It takes me a couple of pages to figure out that the narrator of Coyote is female. What not to do before you start reading this story: Google Colin Winnette. You’ll have trouble getting the beardy guy out of your head. The narrator of Coyote is a woman. No beard. Though this becomes obvious within the first couple of pages, you’ll want to be on solid ground from the beginning. The story is fast and tight, and the ground in Coyote is less and less solid as you race along. You might even say things spiral out of control.
This disturbing yet gently human and, it must be said, award-winning novella is told from the perspective of a mother losing her mind—or maybe she’s always been a bit unhinged? Does the disappearance of her child drive her crazy? Or is something else going on here?
Similar to the story the narrator keeps repeating to detectives, talk-show hosts, to anyone who’ll listen —“we put her to bed, and when we woke up she was gone”— Coyote is constructed of fragments: moments with hours and days of question marks in between. What happened to the child during the night? The nameless child.

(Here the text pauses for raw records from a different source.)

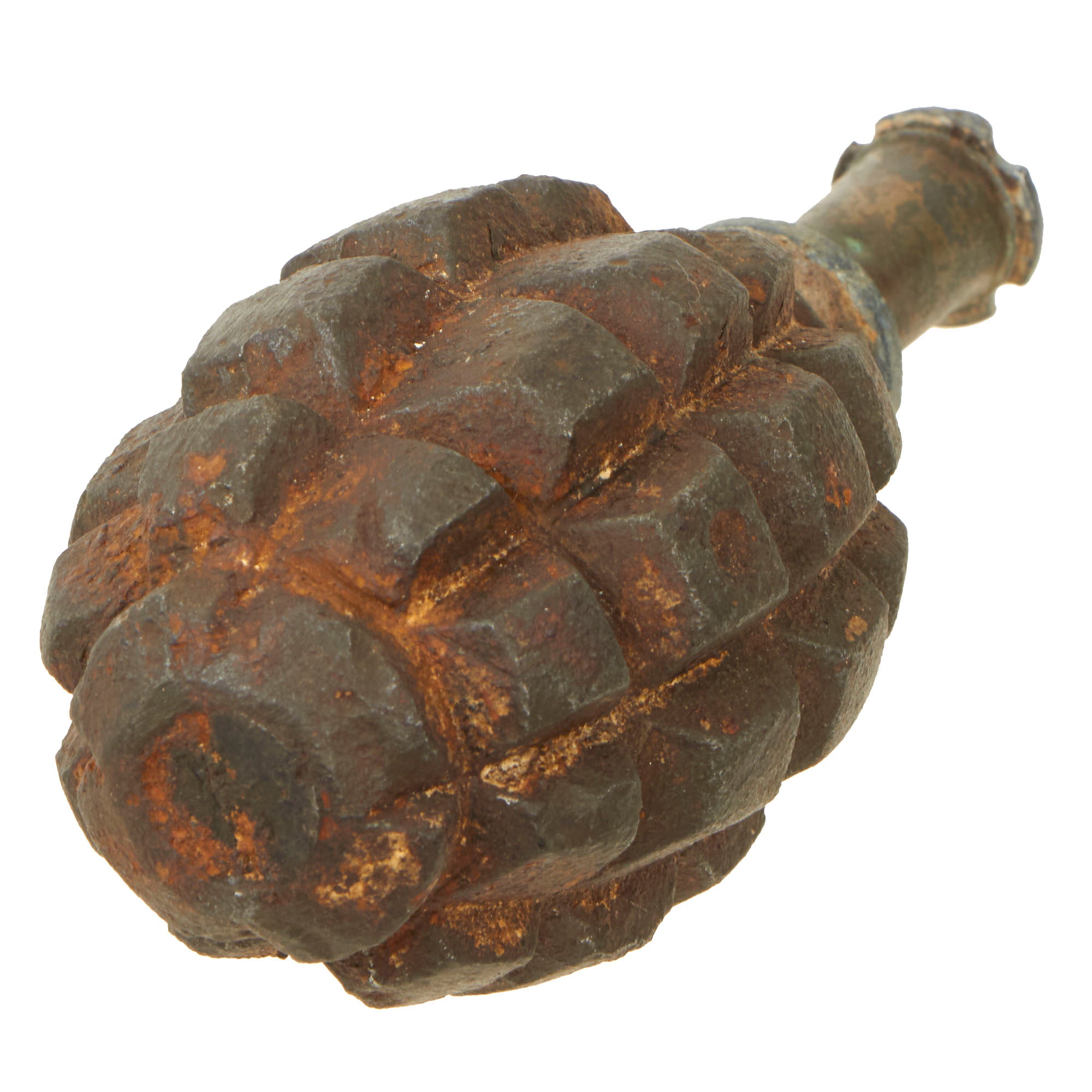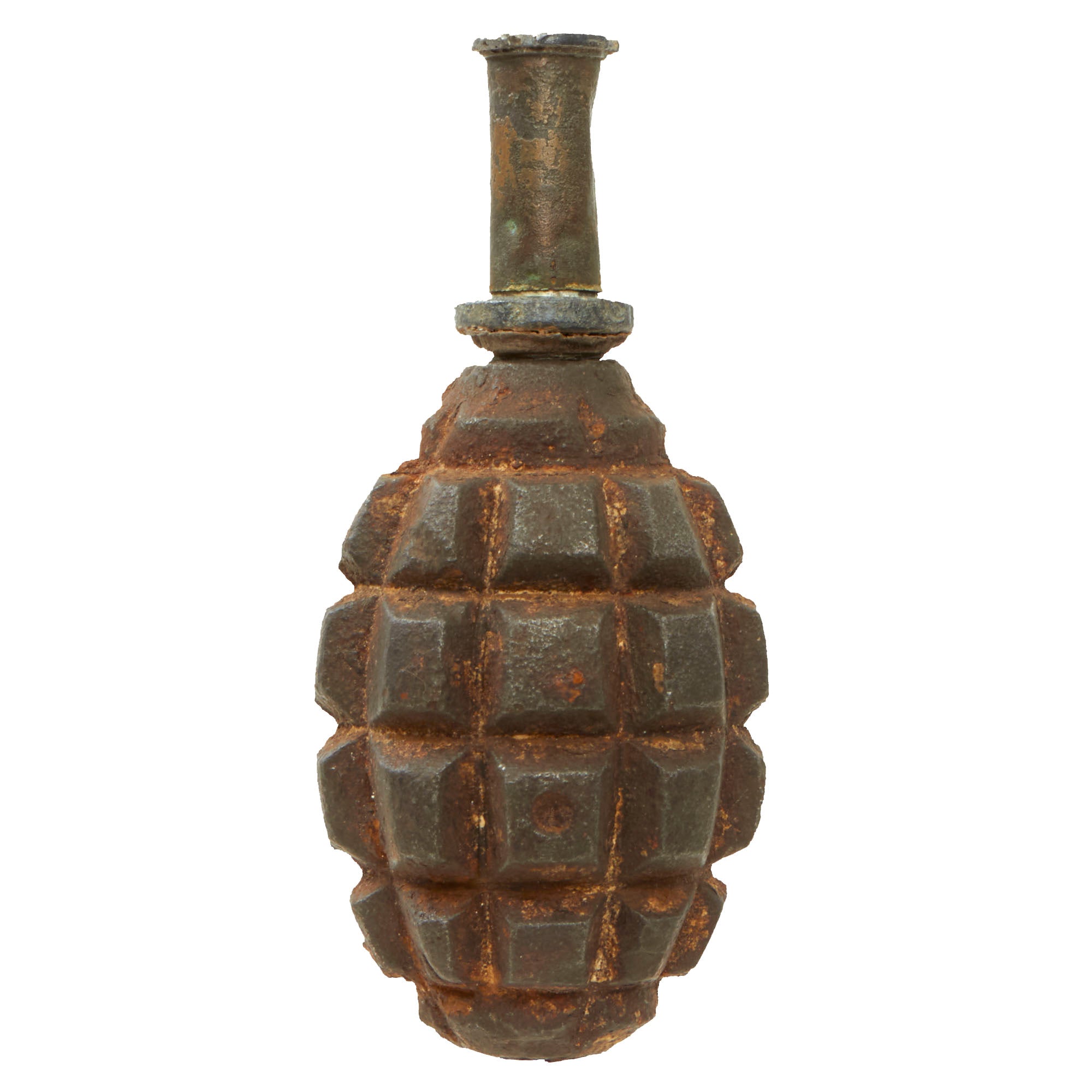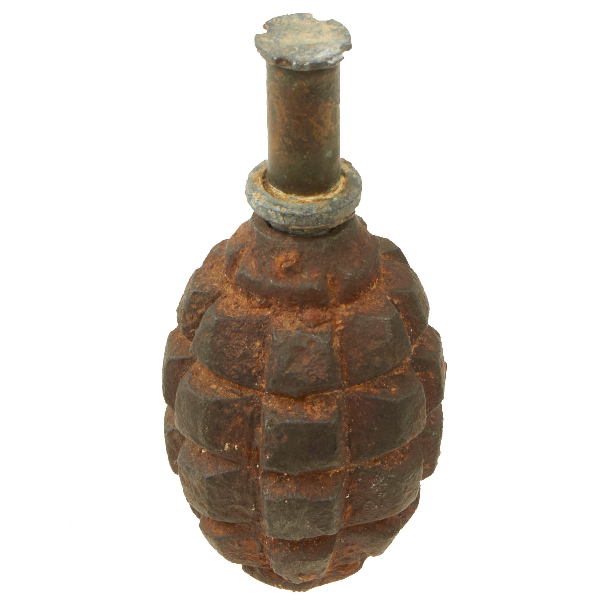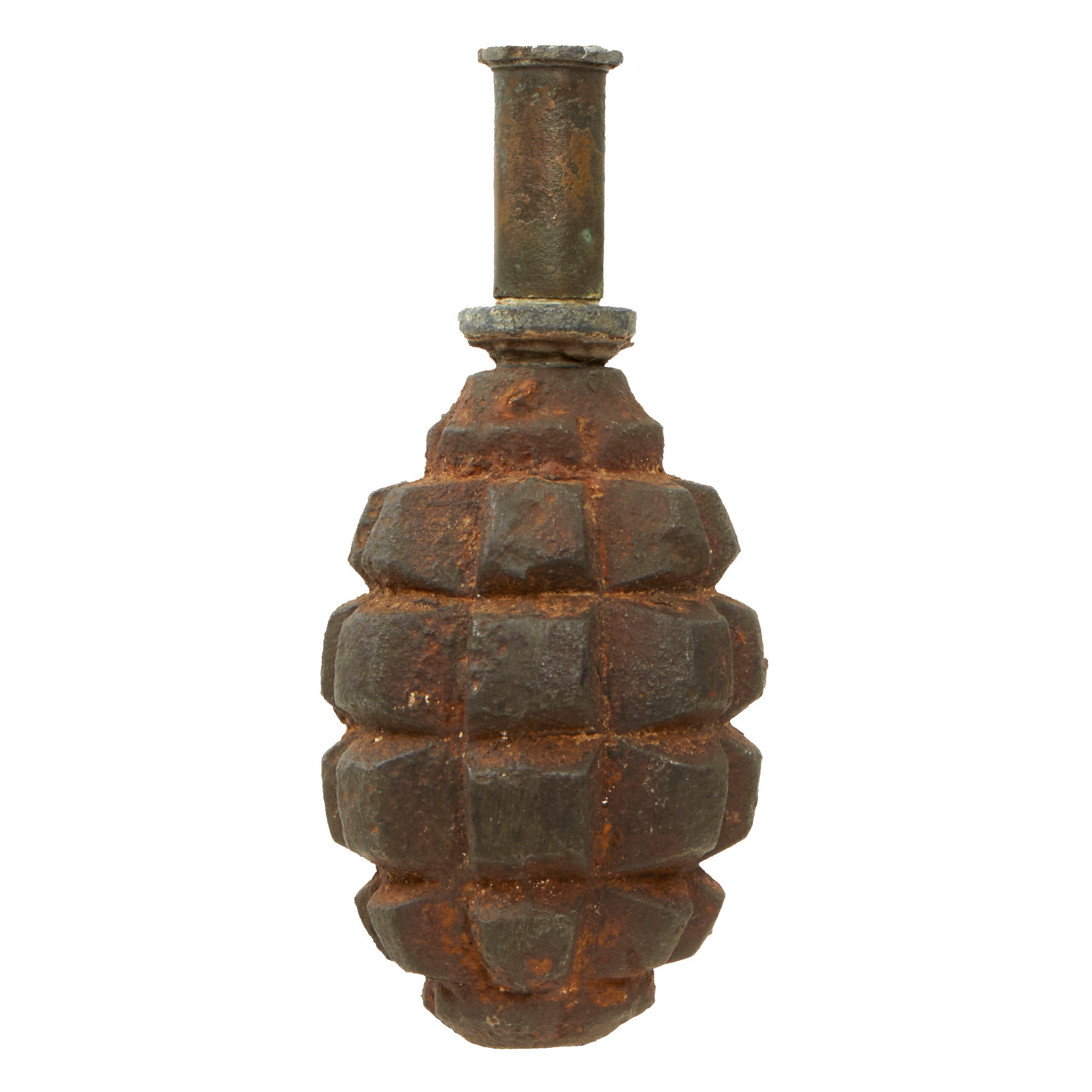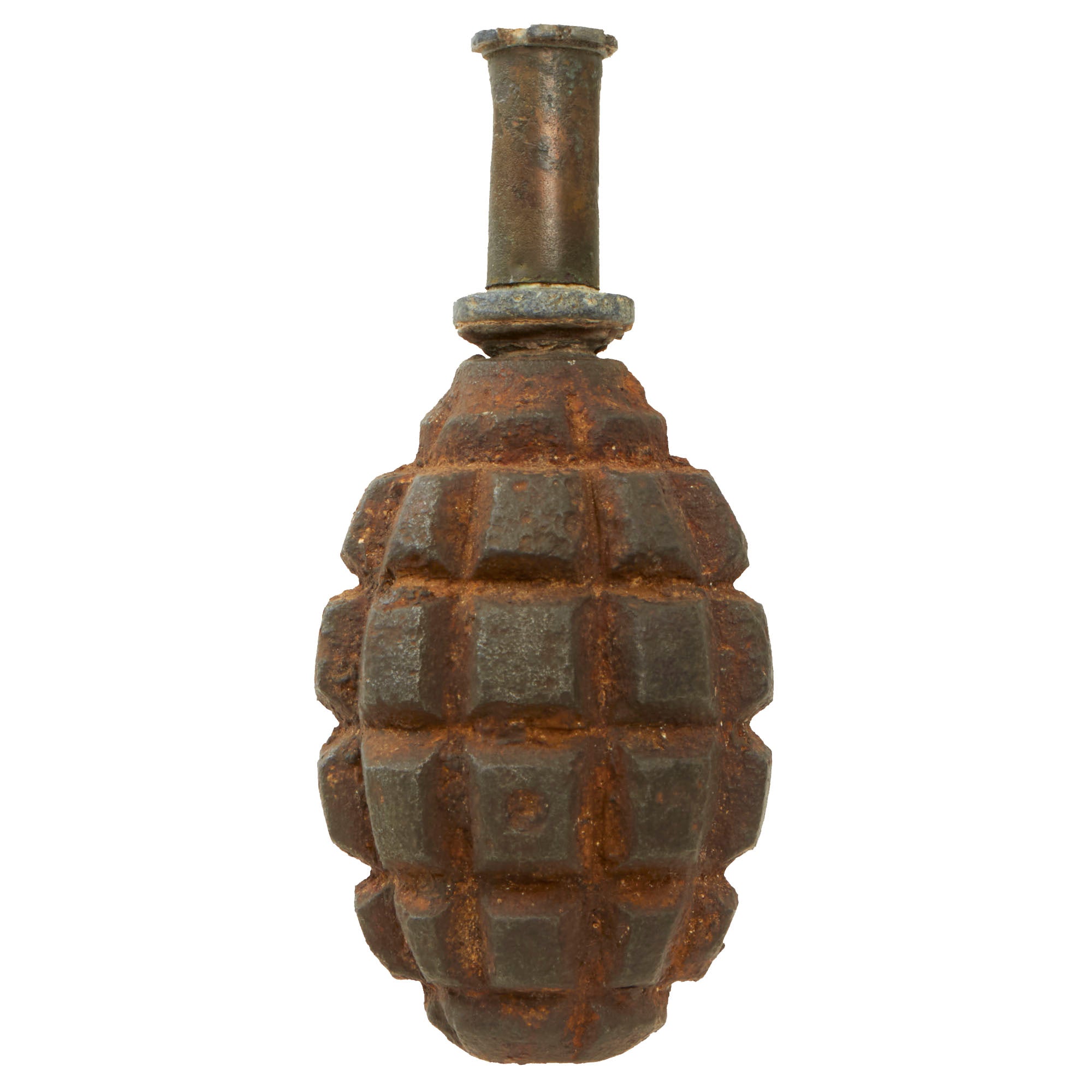 Original Item: Only One Available. This is a totally inert BATF compliant genuine World War One French F1 Grenade with an original fuse and cap. The grenade was rendered completely inert and is unable to be used as a destructive device.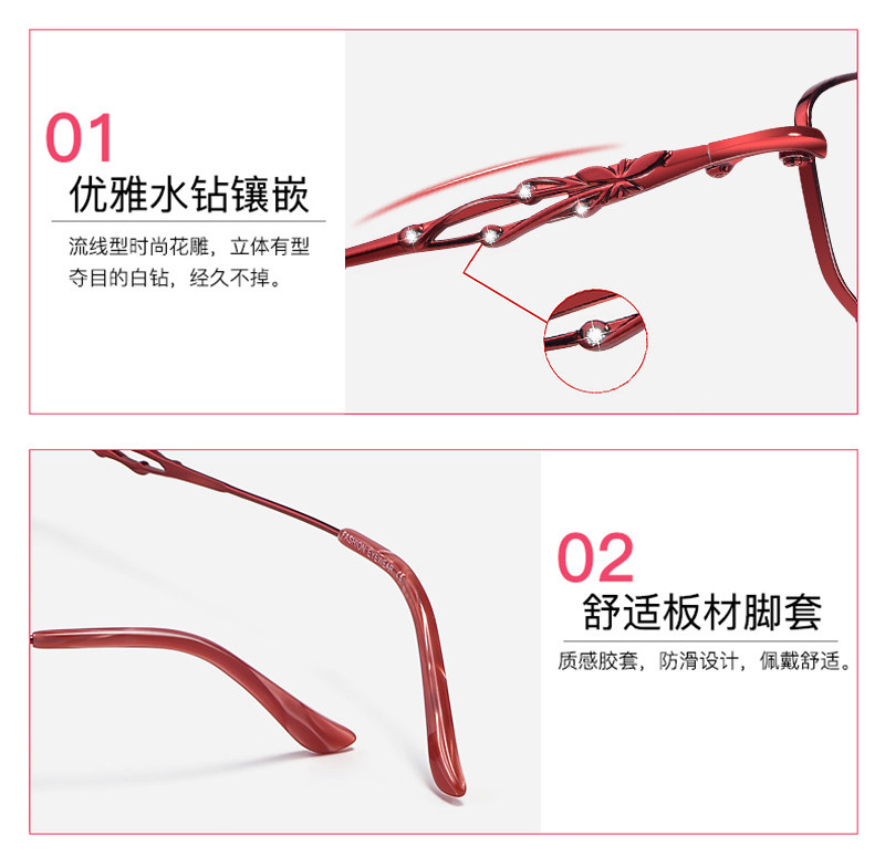 200度老人老光眼镜 150 高清老花镜女时尚 超轻优雅防蓝光疲劳100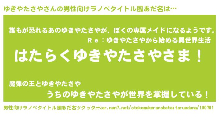 | ヒーロー風カッコイイあだ名 | 『ネオユキヤタサヤ』『仮面ユキダー』 |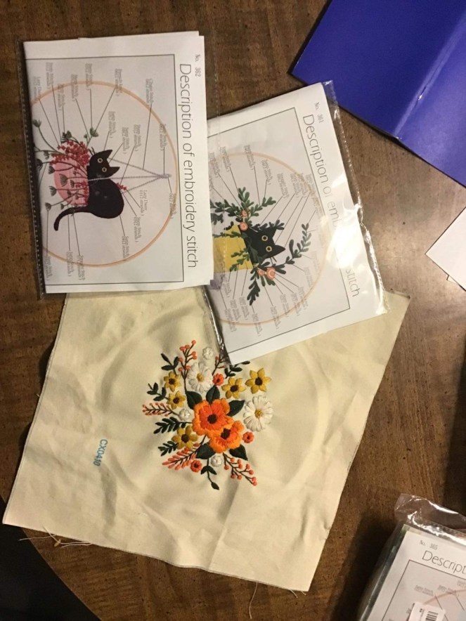 I am currently finishing up a floral embroidery scene, but the two cat patterns (that you can see in the picture above) I finished during my quarantine. Emma got the pink pot one and Ben claimed the yellow pot one for his room. I’m glad they love my “sanity projects”!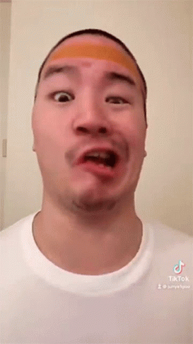 Junya (junya1gou) reacts with pain and a funny face after snapping a rubber band on his forehead.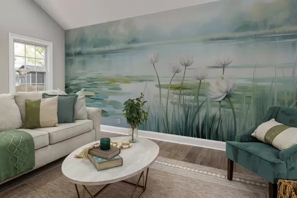 Murais de parede Paisagem com um lago, nenúfares e folhas de nenúfar, árvores ao fundo, num ambiente tranquilo, tons de azul claro e verde Nr. w09395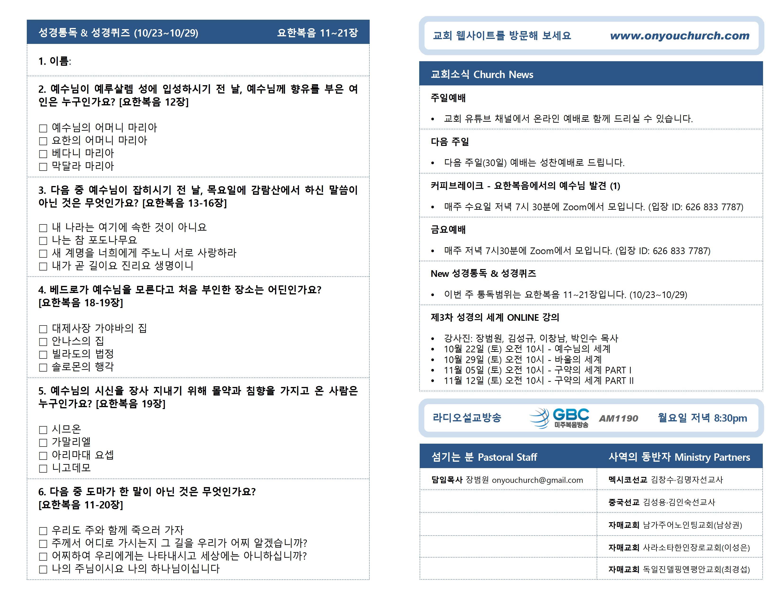 ◼이번 주는 통독 범위는 요한복음 11~21장입니다. (10/23~10/29)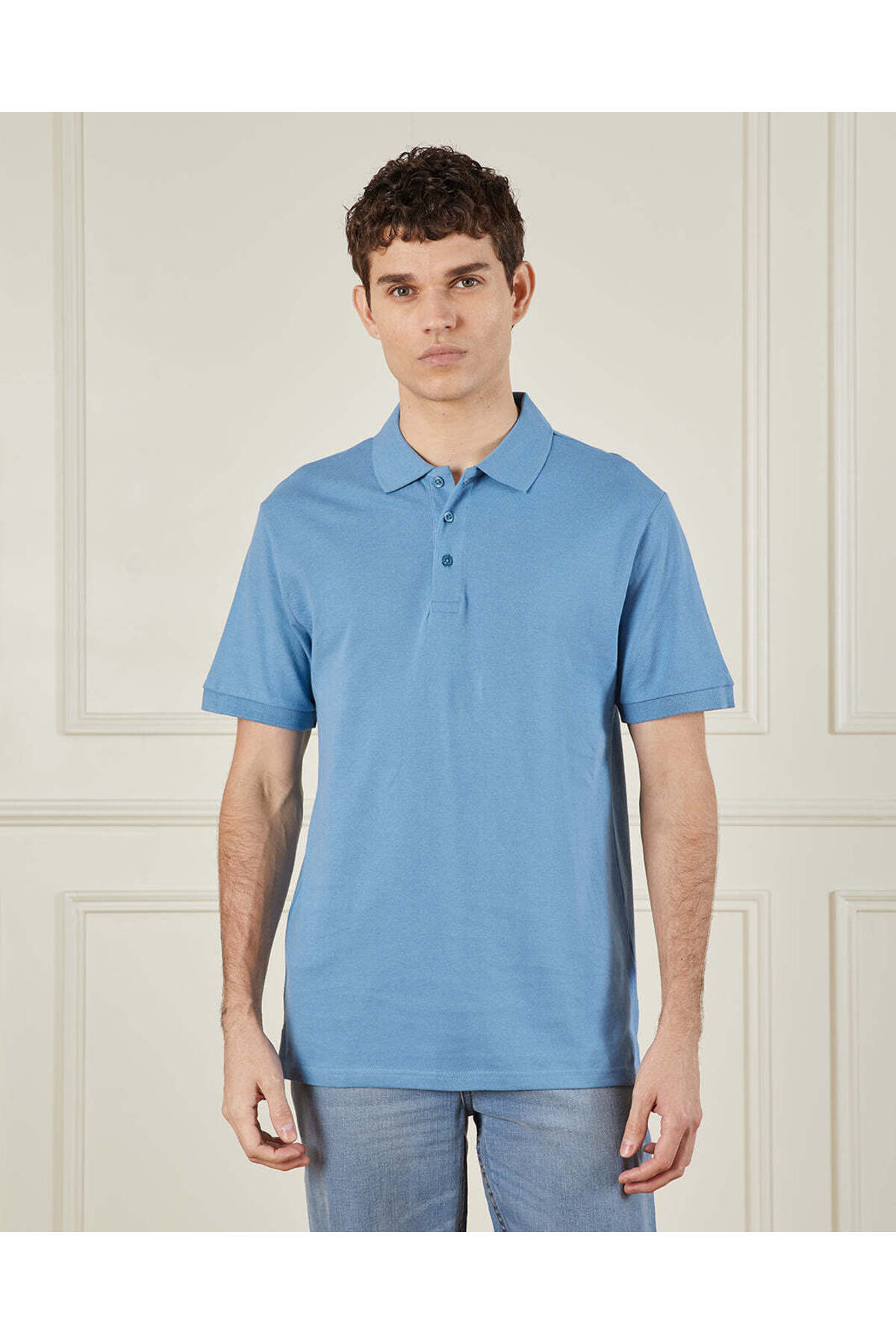 ميزات قميص بولو رجالي أساسي باللون الأزرق من REDTAG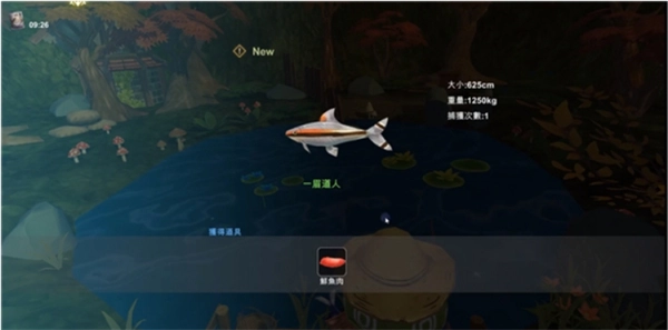 4、点击鱼出现在鱼塘中的位置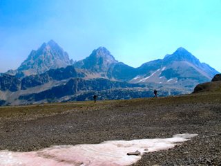 After breakfast we hit the trail again. We hiked about eight miles that included crossing over the steep 10,000 foot Hurricane Pass. On the top is one of the most incredible Teton views of all. The Grand, Middle and South Tetons shoot high above all other mountains. Unfortunately the west is full of forest fires, especially in our area and what is normally jaw dropingly beautiful was only ok because of the haze.

You can’t get too far into Coyote without realizing the members of this family have no names. The narrator refers to her husband as “her Dad,” a way to distance herself from him of course, but also a way to avoid giving him a name. The narrator, in my opinion, is working through how to love her daughter and her husband on a level so frighteningly honest and discerning—and creepily dehumanizing—that it’s difficult to know, at least at first, whether she is or isn’t, in a word, nuts.
But what happened to the child? This is the question that pulls the reader along through the narrator’s increasingly bizarre and fragmented account of her loss. This story is in fact a whodunit, which I can break down for you here hopefully without spoilers. The suspects:
The child – Yes, the child herself could have chosen to disappear. She’s characterized as a creative brat with a mind of her own, a rebel who did exactly what she wanted no matter what anyone said. “She was an opportunist.”
The father (“her Dad”) – He’s an abusive weasel of a husband: in the words of the narrator “an ugly man, an abusive, stupid, weak, ugly man.” He’s violent and impulsive, but is he a killer? The mother/narrator oscillates on this question like a wild boar turning on a spit.
The mother – She’s nuts. And she tells us at the very beginning of the story that we’re all capable of killing. In the first few pages, she tells us how she killed a few animals herself when she was a child, how her husband killed a coyote with a shovel, and how she wouldn’t be surprised if her child meant to kill their dog, Spot, the only member of this family with a name by the way.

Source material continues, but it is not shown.